- Occupations: News anchor, TV host, influencer
- Years active: 2013–present
- Website: www.demetriaobilor.com

= Demetria Obilor =

American TV personality and news anchor

Demetria Obilor is a television personality and former local news anchor. She is currently a host at REVOLT.

==Early life==

Obilor was born to a white mother and Nigerian father. In 2005, she and her family moved to Las Vegas during her freshman year of high school. She graduated from Spring Valley High School then went on to the University of Kansas to earn a journalism degree.

==Local news career==

Obilor first became a traffic reporter in 2013 for KSHB-TV. Subsequently, Obilor worked for news stations in Las Vegas (KLAS-TV) and Dallas (WFAA).

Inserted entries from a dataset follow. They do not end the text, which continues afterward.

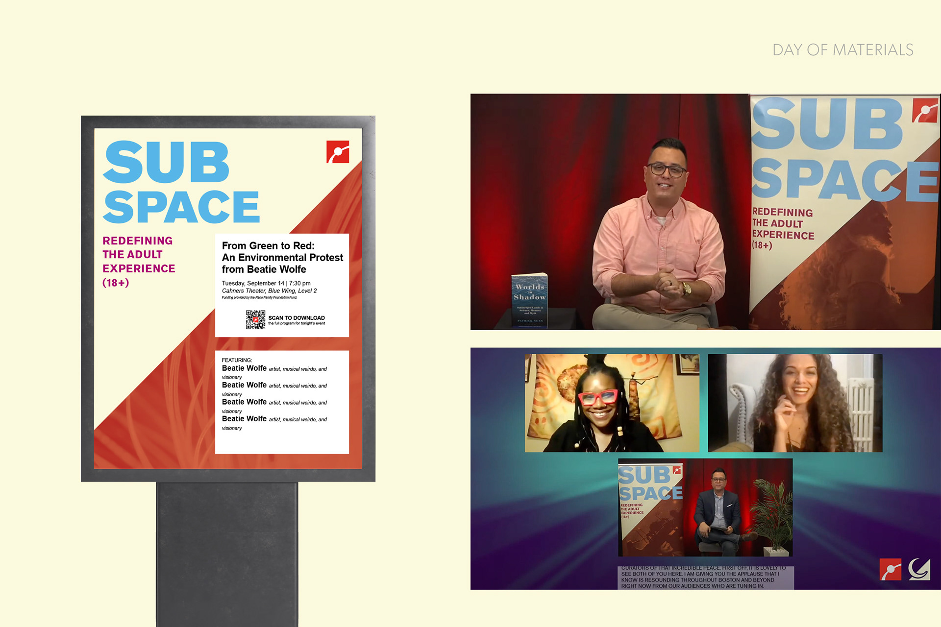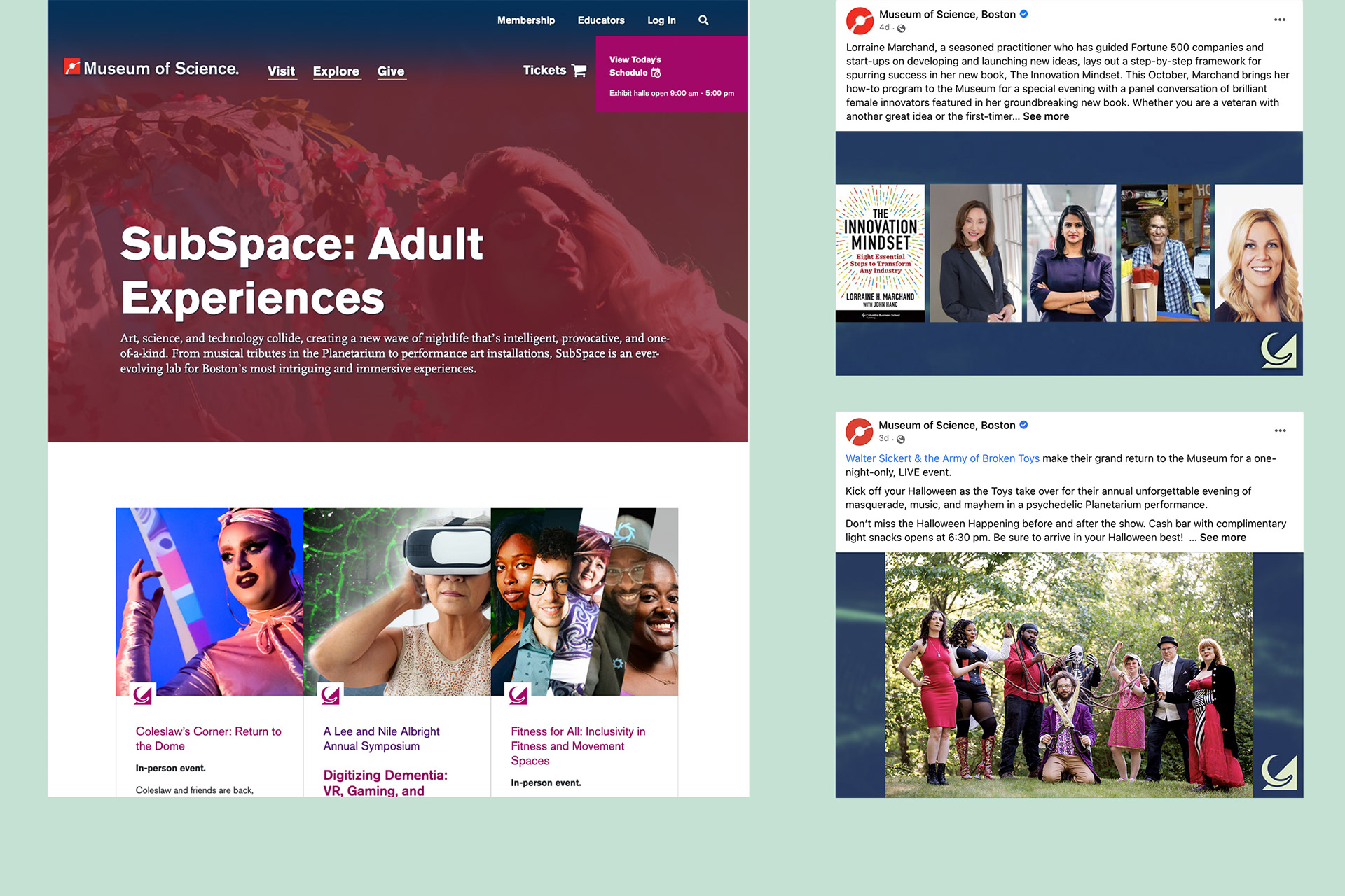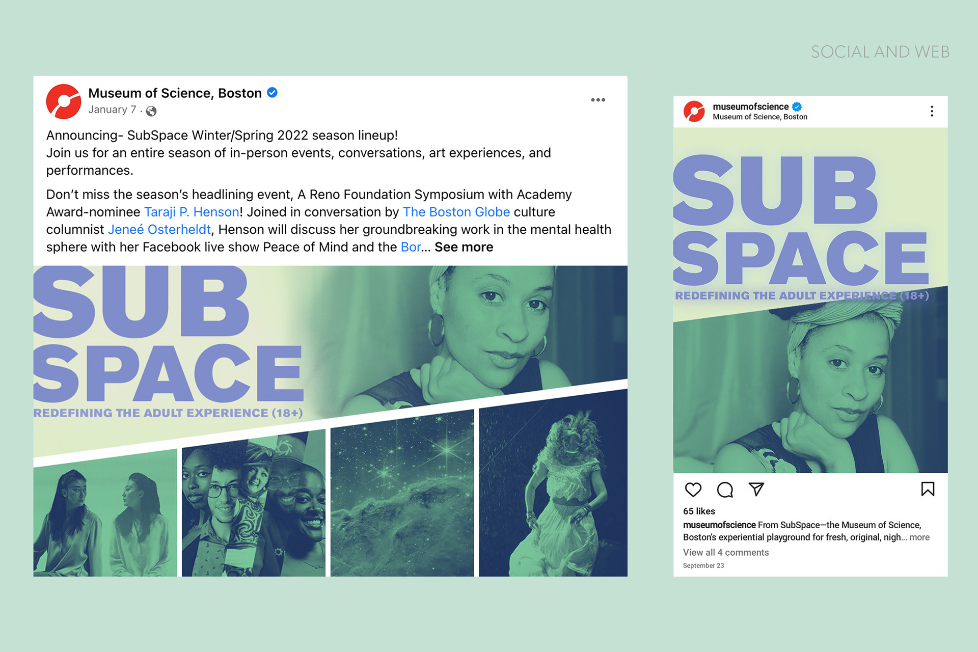 SubSpace is the master brand for Adult Programs at the Museum of Science. Since launch, it has not only grown to be an award winning content arena but also one of the most comprehensive brand lines at the Museum. From the innovative direct mailer that doubles as an art rich calendar, to digital marketing, to day of materials be they physical or virtual, the audience has a lossless experience which echoes the programming itself; bold, dynamic, unexpected. I often talk about SubSpace pushing the boundaries of the Museum’s core brand to its reaches but by design. It has to so it can compete in external markets but also so that it can stand apart from the Museum’s non adult programming. While overall styling and vibe are retained, each season carries its own color palette which is carried across all marketing in some manner to do just that. dynamic, unexpected. I often talk about SubSpace pushing the boundaries of the Museum’s core brand to its reaches but by design. It has to so it can compete in external markets but also so that it can stand apart from the Museum’s non adult programming. While overall styling and vibe are retained, each season carries its own color palette which is carried across all marketing in some manner to do just that.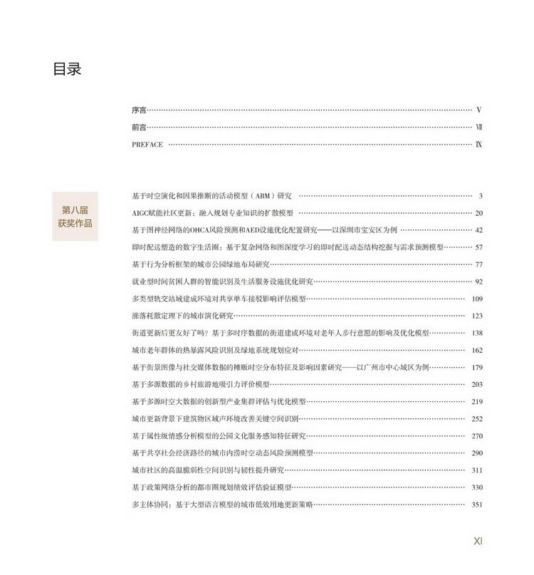 《城垣杯·规划决策支持模型设计大赛获奖作品集2024》(以下简称《作品集》)收录了第八届大赛评选出的19项获奖作品,以飨读者。这些作品涵盖“面向生态文明的国土空间治理”“面向高质量发展的城市治理”两大主题,展示了生活圈优化、城市更新、城市体检、智慧城市设计、都市圈协同发展等领域创新模型的构建技术和决策分析方法,也展示了经典模型理论方法的再创新和人工智能技术的新应用。这些作品展现出规划决策支持模型在解决城市问题、优化资源配置、提高规划效率等方面的重要作用,以及进一步发展规划、运行和治理智能中枢的巨大潜力。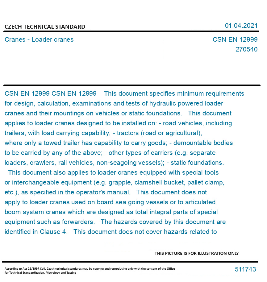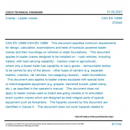 CSN EN 12999 This document specifies minimum requirements for design, calculation, examinations and tests of hydraulic powered loader cranes and their mountings on vehicles or static foundations. This document applies to loader cranes designed to be installed on: - road vehicles, including trailers, with load carrying capability; - tractors (road or agricultural), where only a towed trailer has capability to carry goods; - demountable bodies to be carried by any of the above; - other types of carriers (e.g. separate loaders, crawlers, rail vehicles, non-seagoing vessels); - static foundations. This document also applies to loader cranes equipped with special tools or interchangeable equipment (e.g. grapple, clamshell bucket, pallet clamp, etc.), as specified in the operator's manual. This document does not apply to loader cranes used on board sea going vessels or to articulated boom system cranes which are designed as total integral parts of special equipment such as forwarders. The hazards covered by this document are identified in Clause 4. This document does not cover hazards related to the lifting of persons. NOTE - The use of cranes for lifting of persons can be subject to specific national regulations. This document is not applicable to loader cranes manufactured before the publication of this document. For loader cranes designed before the publication of this document, the provisions concerning stress calculations in the version of EN 12999 that was valid at the time of their design, are still applicable. Original English text of CSN EN Standard. The price of the Standard included all amendments and correcturs.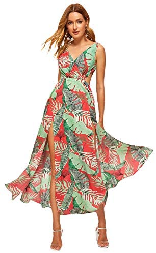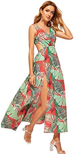 Sleeveless, V-neck break up, floral print maxi costume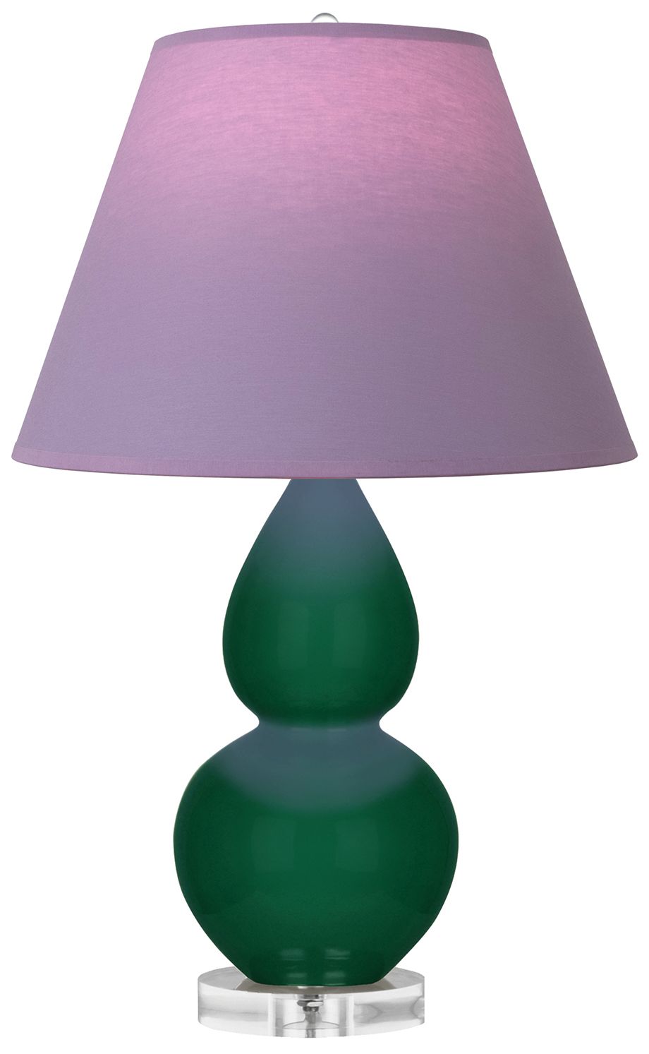 Double Gourd 30"H Celadon And Lucite Lamp w/ Plum And Lavender Shade

In addition to her traffic anchor work for KLAS-TV, she also hosted and produced a social media segment called, "Trending now" and a franchised segment called, "What's Driving You Crazy?"

==Body shaming incidents==

Viewer comments about Obilor's appearance drew national attention on two occasions. In May 2017 Obilor shared a screenshot of an email from a WFAA-TV viewer. The email contained racist comments about her natural hairstyle.

Later, in November 2017, Obilor shared a WFAA-TV viewer's Facebook post that contained negative comments about her body shape. This incident garnered public support for Obilor from Chance the Rapper, Meghan McCain, and Gabrielle Union. Obilor responded to the incident by saying, "I don't care if a black woman wants to wear her hair straight or in braids, you don't get to say what's professional and what's not professional based on your white standard of beauty."

== Work as media personality ==
In 2022, Obilor transitioned to sports news as she began hosting the Sporting News 7 Podcast. The same year, Obilor became one of the hosts of Revolt's talk series, Black Girl Stuff.